#### TASK INPUT:
^^^^
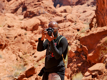 My neighbor Miles who has helped me serve the homeless several times, we went to see some desert today. He had not been to the Valley of Fire or Lake Mead and so that is where we headed. It is only the second time in five years that I did something social with a neighbor and it feels good. I've had so many insane neighbors! It was hot and wow, my physical strength for hiking, Mo too... just gets less and less every time we are out because of age. Miles went with the flow beautifully for our needs. He is a videographer, photographer, marketer. So when he takes pictures of me it is never with a pose. I always must be doing something.
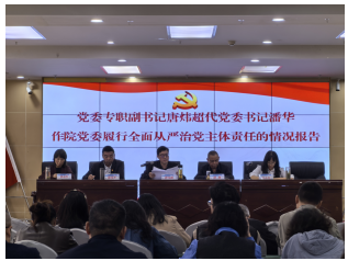 院党委专职副书记唐炜超代院党委书记潘华作《院党委落实全面从严治党主体责任的情况报告》并对医院全面从严治党形势进行分析研判,提出加强和改进措施。
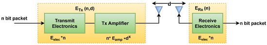 The first-order radio model is considered in this study, as presented by the authors of [44]. The ratio of the energy consumption model is based on the distance between the sender and receiver. Figure 3 shows the energy consumption model, where the energy required to send a message is calculated based on the sender–receiver distance and the total length of the message.
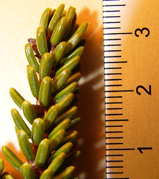 Nadeln stumpf, glänzend grün, nur 5 - 8 mm lang
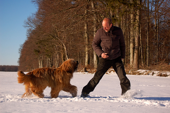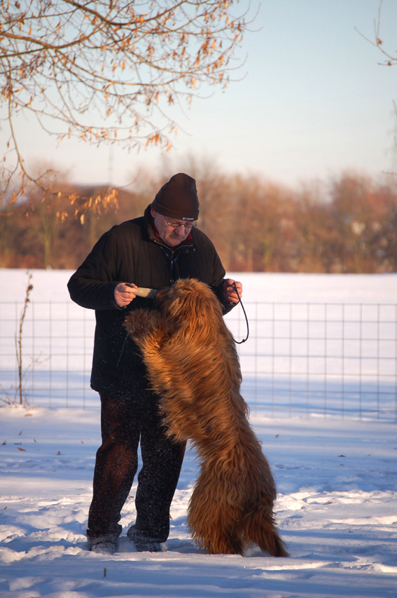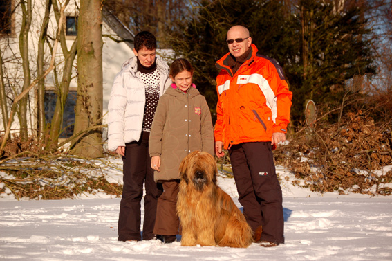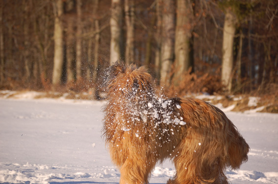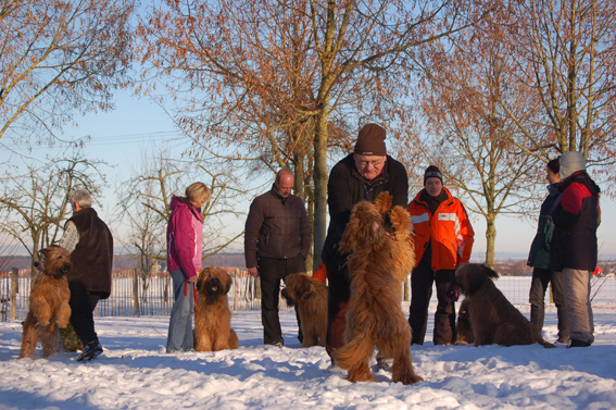 Strahlender Sonnenschein und eine weiß gepuderte Landschaft sorgten für ein tolles Ambiente zum Geburtstagsfest unserer acht Briards aus dem A-Wurf. Wie viel Spaß Mensch und Tier in der Winterpracht hatten, das haben wir in vielen Bildern eingefangen.....
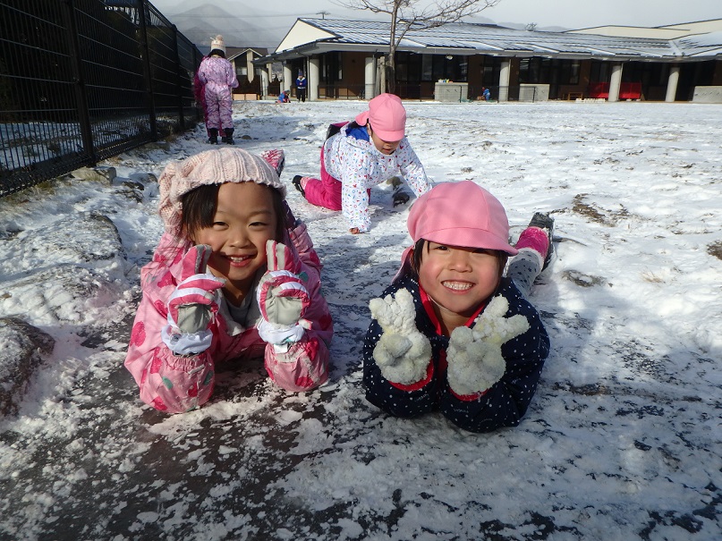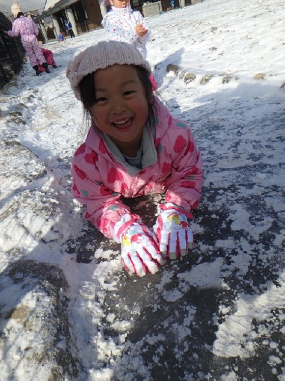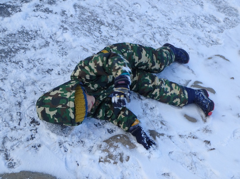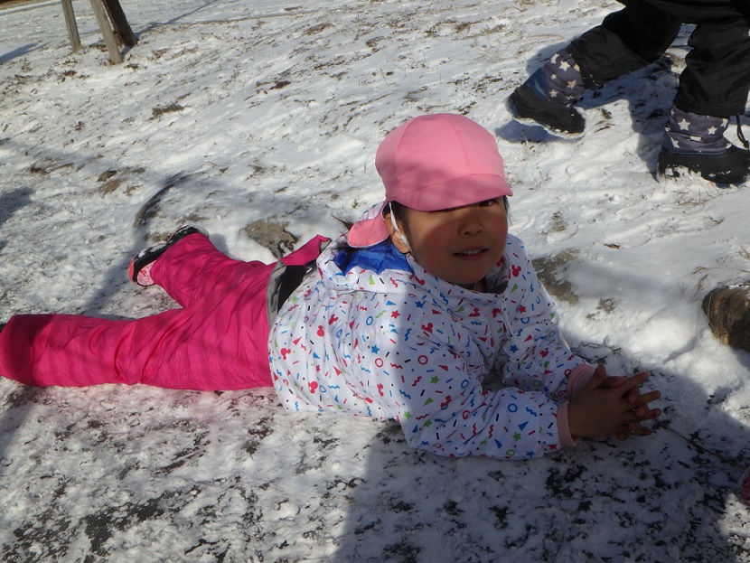 寝転がってからだじゅうで雪と氷の感触を楽しんでいるのだと思いました。
^^^^
#### WORK INSTRUCTIONS:
The reply should hold only the lines from the first line of the records above through the line containing "院党委专职副书记唐炜超代院党", copied exactly and without pictures.

#### EXERCISE RESULT:
 My neighbor Miles who has helped me serve the homeless several times, we went to see some desert today. He had not been to the Valley of Fire or Lake Mead and so that is where we headed. It is only the second time in five years that I did something social with a neighbor and it feels good. I've had so many insane neighbors! It was hot and wow, my physical strength for hiking, Mo too... just gets less and less every time we are out because of age. Miles went with the flow beautifully for our needs. He is a videographer, photographer, marketer. So when he takes pictures of me it is never with a pose. I always must be doing something.
 院党委专职副书记唐炜超代院党委书记潘华作《院党委落实全面从严治党主体责任的情况报告》并对医院全面从严治党形势进行分析研判,提出加强和改进措施。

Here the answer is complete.